Oooo a Sabriel prompt.

[x posted to AO3]


“Here’s what I don’t get,” Gabriel said thoughtfully.

Startled, Sam looked up from his lunch. He’d known Gabriel was lurking about - the conversion of his salad dressing to buttercream frosting, emphasis on the butter, was ample evidence of that - but he’d been sitting alone at the table an instant before. Scowling, Sam loaded his fork up with ranch-drenched romaine and took a pointed bite.

It tasted like cake.

Vanilla cake with blueberry filling and honey buttercream frosting.

Goddamn that was good.

Sam turned the level of his scowl up from 5 to 11.

“Wow, holy bitch face!” Gabriel laughed. “Okay, not - not, like, holy, as in ‘of God’ - not that you’re not a fine specimen, but - like dude if looks could kill!”

Sam repressed a smile. He loved when Gabriel got so flustered he couldn’t finish a sentence. 

“You started to say…?” Sam schooled himself to apparent anger and took another delicious bite of not-salad.

“Right, right, sorry, you’re extremely distracting.” Gabriel gave his head a quick shake. “What I don’t get is, why the ranch dressing? It’s a salad, right? It’s supposed to be healthy. And, like, a year ago? The old Sam would never have heaped his salad with dressing - okay, scratch that, old Sam was all balsamic vinaigrette, no cheese or croutons, extra cucumbers, please.”

Sam shrugged. “What can I say? People change.”
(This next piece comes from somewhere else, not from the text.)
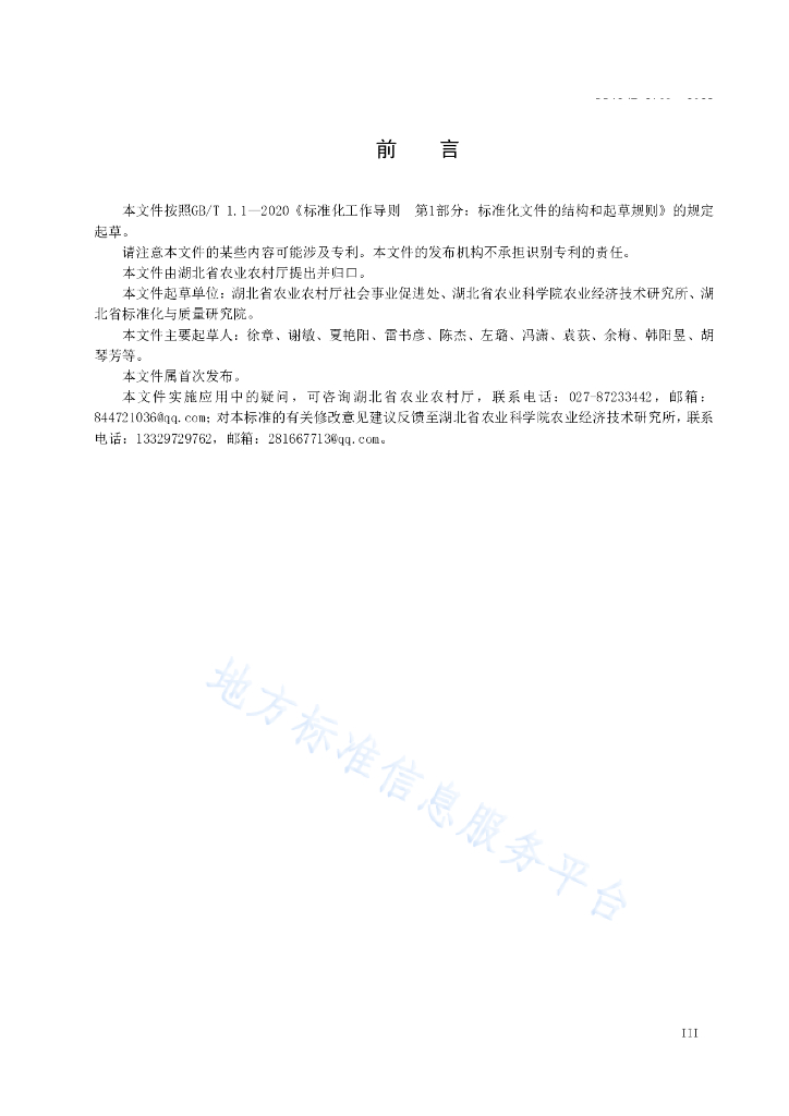 湖北省农业农村厅社会事业促进处、湖北省农业科学院农业经济技术研究所、湖北省标准化与质量研究院

“Yeaaaah…no…I call bullshit,” said Gabriel. “You used to get all pissy high and mighty with me and now…ranch. What changed? ”

You did.

“You know I can read your mind, right?” Gabriel added, rolling his eyes.

“Uh huh, sure you can,” Sam mirrored the eye roll.

God he loved these conversations.

And Gabriel didn’t know that.

So Gabriel definitely couldn’t read his mind.

“I heard that!”

“Really?” Sam asked. “What did I think?”

“Nothing I’d share in public,” Gabriel replied with a suggestive eyebrow waggle.

“Right, well, if that’s all you’ve got, may I finish my lunch in peace?” Sam said.

The next forkful of salad tasted like eclair.

Gabriel disappeared.

“Fiiiiine,” said Gabriel.

The next forkful tasted like Sour Patch Kids. The following was funfetti. The one after that was ice cream with all the fixins. Judging by the heavy feeling in Sam’s stomach, it wasn’t merely a flavor thing, the food actually changed - and had all the commensurate calories.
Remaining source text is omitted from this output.